Yet, just as Rohingyas have roots in Myanmar stretching back centuries, so do the historical forces that have shaped their oppression.
Resentment Against Colonisation Directed at Rohingyas
The Rohingya, while not recognised as an ethnic group in Myanmar, are decedents of centuries of intermingling between indigenous Muslims and migrants from the area that is now Bangladesh and India's West Bengal. They lived mostly untroubled until after the British arrived and Myanmar became part of British colonial India and later the separate colony of Burma.
For about a century until the 1930s, more than a million South Asians — Muslims and Hindus alike — flooded into the country to take jobs as laborers, civil servants and moneylenders, leading to a "deep resentment" among the Burmese, said Mikael Gravers, a Danish anthropologist specialising on Myanmar.
They "took work from Burmese and land from peasants who could not pay their debt," he said.
The identity of Indians was intertwined with the British colonisers, and that was seized upon in the 1920s by the nascent Burmese nationalist movement in which Buddhist monks were closely involved.
"Burmese nationalists saw themselves as colonized twice, first by the British, secondly by the Indians who, in particular, dominated the economy," Taylor wrote in a 2015 study of ethnicity in Myanmar.
The Rohingya, with their dark skin and South Asian features, were caught up in this resentment. By the time the British were pushed out by the Japanese in 1942 – an invasion welcomed by the nationalists – Buddhist locals in Arakan, which is now Rakhine, took out their frustrations on those seen as British allies: Muslims, including the Rohingya. Thousands were killed in attacks and Muslim counterattacks.
‘Buddhism in Danger’ Central to the Nationalist Movement
Myanmar is almost 90 percent Buddhist, and for nationalists, religion has always been a successful issue with which to whip up support. That has been helped, both past and present, by the involvement of Buddhist monks in the movement.
With monks involved, "the alleged threat posed to the persistence of Buddhism as the religion of the majority of the population began to seem real," Taylor wrote. "The memory of 'Indian domination' and 'Buddhism in danger' became part of the legacy of the nationalist movement inherited by Myanmar politicians and historians."

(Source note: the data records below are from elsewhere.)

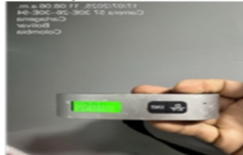
foto 8. Báscula
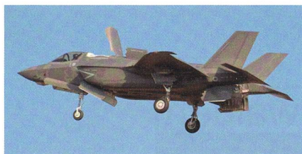
F-35B aus italienischer Fertigung.

Bei der ausgelieferten F-35B handelt es sich um das erste Flugzeug dieses Modells, das ausserhalb der Vereinigten Staaten gebaut wurde. Leonardo fertigt in enger Zusammenarbeit mit Lockheed Martin die F-35A und F-35B Kampfflugszeuge für Italien und die Niederlande; die Endmontagelinie in Cameri verfügt über eine relativ grosse Produktionskapazität, die eine Endfertigung für weitere F-35 Lightning II europäi-
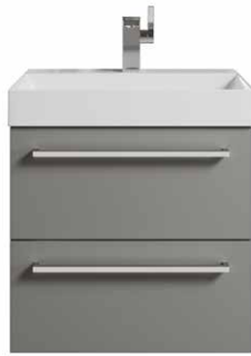
Typ D Knauf / Griff siehe Kapitel 14
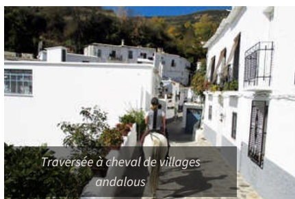
Traversée à cheval de villages andalous
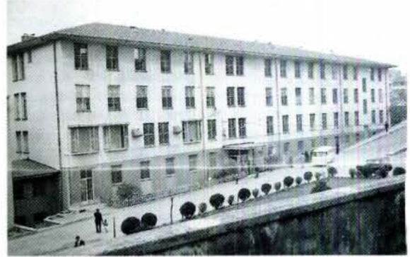
Resim 5a: İ. Ü. İ. T. F. Ortopedi ve Travmatoloji kliniği eski hali görülmektedir
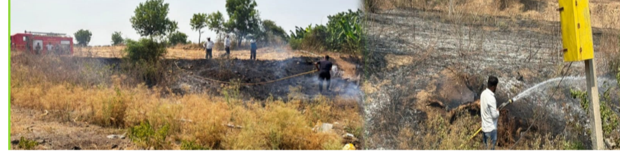
यामुळे आग झपाट्याने पसरू लागली. आगीच्या ज्वाळा वाढत असल्याचे लक्षात येताच परिसरातील शेतकरी आणि नागरिकांनी घटनास्थळी धाव घेतली. वाऱ्याचा वेग अधिक असल्याने आग थेट शेतीपर्यंत पोहोचण्याची भीती निर्माण झाली होती. त्यामुळे शेतकऱ्यांमध्ये काही काळ घबराटीचे वातावरण होते. दरम्यान, घटनेची माहिती मिळताच वरणगाव

वरणगाव | प्रतिनिधी: भुसावळ तालुक्यातील विल्हाळे शिवारात सोमवारी दुपारी अचानक झाडाझुडपांना आग लागल्याने परिसरात एकच खळबळ उडाली. विल्हाळे तलावाकडे जाणाऱ्या नाल्याला लागलेल्या आगीने काही वेळातच रौद्ररूप धारण करीत जवळीक केळीबागांना मोठा धोका निर्माण झाला होता. मात्र वरणगाव नगरपालिकेच्या अग्निशमन दलाने वेळीच धाव घेत आग आटोक्यात आणल्याने मोठी हानी टळली. सोमवारी दुपारी सुमारे २ वाजेच्या सुमारास ही घटना घडली. उन्हाची तीव्रता आणि परिसरातील कोरडी झुडपे व गवत नगरपालिकेचे अग्निशमन दल तातडीने घटनास्थळी दाखल झाले. अग्निशमन कर्मचाऱ्यांनी पाण्याचा जोरदार मारा करत आग नियंत्रणात आणण्यासाठी शर्थीचे प्रयत्न केले. स्थानिक नागरिकांनीही आग विझविण्यासाठी मदत केली. अखेर मोठ्या प्रयत्नांनंतर आग पूर्णपणे आटोक्यात आणण्यात यश आले. या आगीत कोणतीही जीवितहानी झाली नसली तरी मोठ्या प्रमाणात झाडाझुडपे आणि कोरडे गवत जळून खाक झाले. सुदैवाने जवळीक केळीबागा मोठ्या नुकसानीपासून वाचल्या. आग लागण्याचे नेमके कारण अद्याप स्पष्ट झालेले नाही. उन्हाळ्याच्या दिवासात वाढती उष्णता आणि कोरडे गवत यामुळे अशा प्रकारच्या आगीच्या घटना वाढत असल्याने नागरिकांनी सतर्क राहण्याचे आवाहन प्रशासनाने केले आहे.
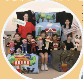
NET Section, Education Bureau— • Story to Stage Puppetry Competition 1st runner up • Outstanding performance award
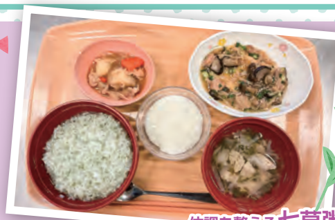
体調を整える 七草粥 提供
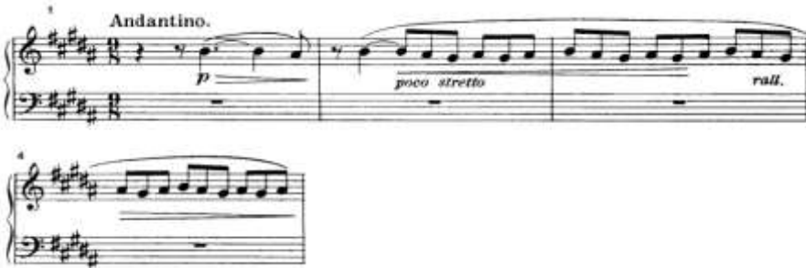
شكل (٢) يوضح مقدمة قائمة على التتابع السلمى

بدأ اللحن بمقدمة صغيرة من م ١ : م ٤ بظهور الدرجة الثالثة للسلم المستخدم وبتتابع سلمى فى حدود ثلاث درجات من الدرجة الثالثة (سى) الى درجة الأساس (صول#).
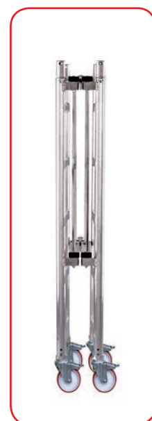
La base del Modulo A di Roller Plus è richiudibile (m 1,70) e passa attraverso porte standard
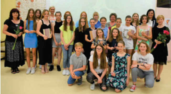
Nastopajoči na literarnem večeru z mentoricami

»Pridi, dala ti bom pesem« je bil krovni naslov letošnjega literarno-glasbenega večera učencev OŠ Polzela, ki je potekal v sredo, 1. junija 2022, v avli Osnovne šole Polzela.
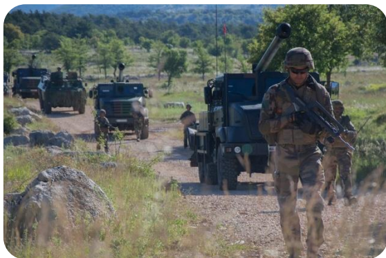
Canjuers – Batterie d'artillerie en mouvement

L'armée de Terre met en œuvre une politique de développement durable sur l'importante superficie représentée par les camps et centres : espaces Natura 2000, champs de panneaux solaires, pâturages, puits de verdure.
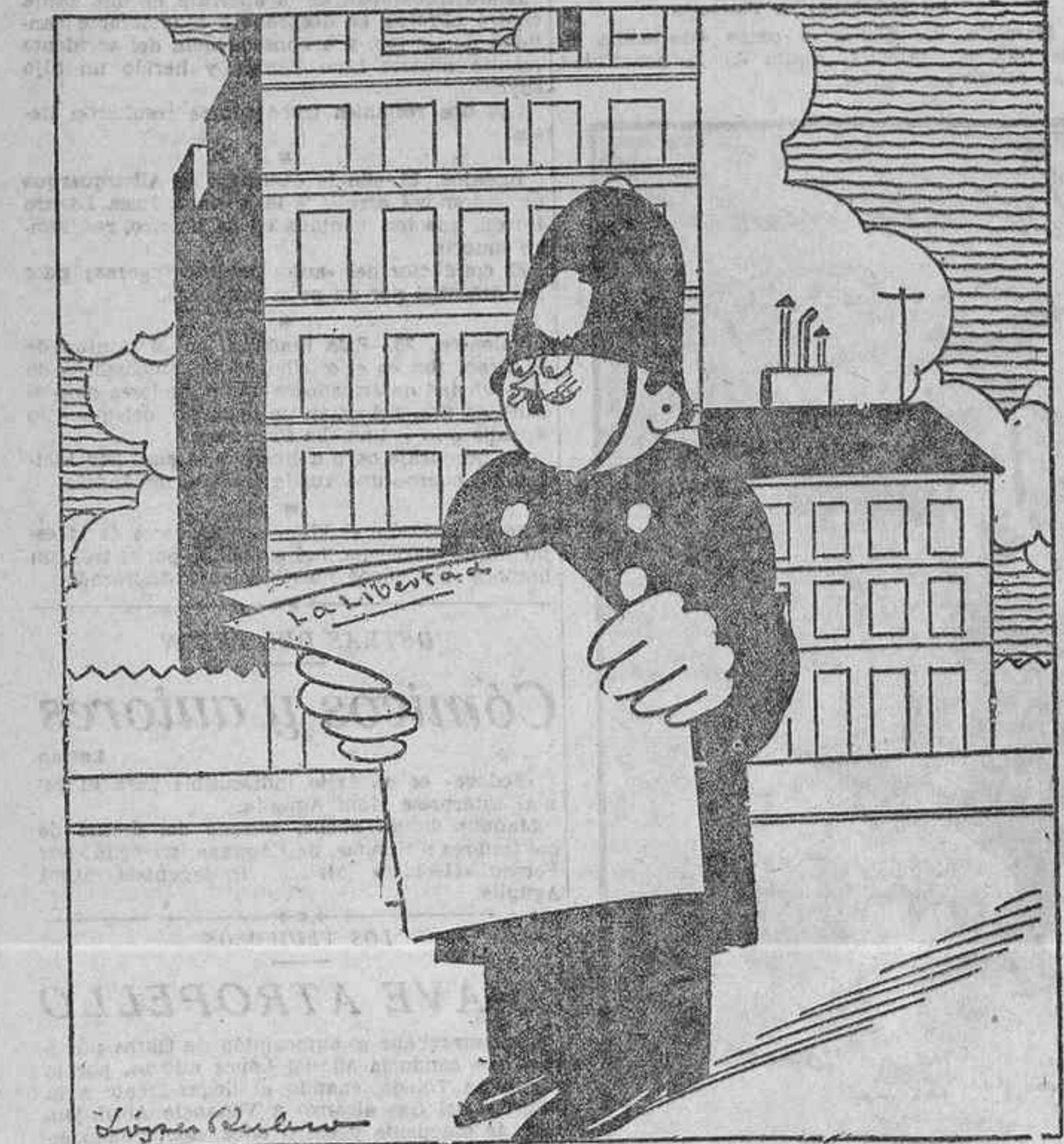
--¡Madrid-Manila, París-Tokio, Londres-Australia, Nueva York-París, Londres-El Cabol... No hay duda. Se impone el servicio aéreo de la porra.

Del primer reconocimiento, relativamente somero, practicado hasta ahora, parece deducirse que el esqueleto pertenecía a una persona, deduciéndose esto del examen de un hueso que parece una tibia y de otro que conserva exactamente la forma de un maxilar inferior humano.
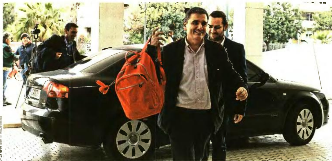
INFORM NEWS / ΓΙΩΡΓΟΣ ΚΑΤΡΟΥΓΚΑΛΗΣ

Τον νομο του Πάρκινσον επικαλέστηκε ο υπουργός Οικονομικών Ευκλείδης Τσακαλώτος δικαιολογώντας την καθυστέρηση στο κλείσιμο της συμφωνίας, προσέθεσε αλλωστε ότι υπάρχει χρόνος έως την Παρασκευή

Gen. Ne Win, who led a 1962 coup that led to five decades of military rule, wasn't known as a particularly devout Buddhist, yet he was influenced by the Buddhist nationalism of the colonial era.
His nationalisation of private enterprise put much of the large ethnic Indian trading class out of business. He was also responsible for letting loose the security forces on the Rohingya in 1977 and 1978, launching a hunt for illegal immigrants that set off the first major exodus to Bangladesh of some 200,000 people.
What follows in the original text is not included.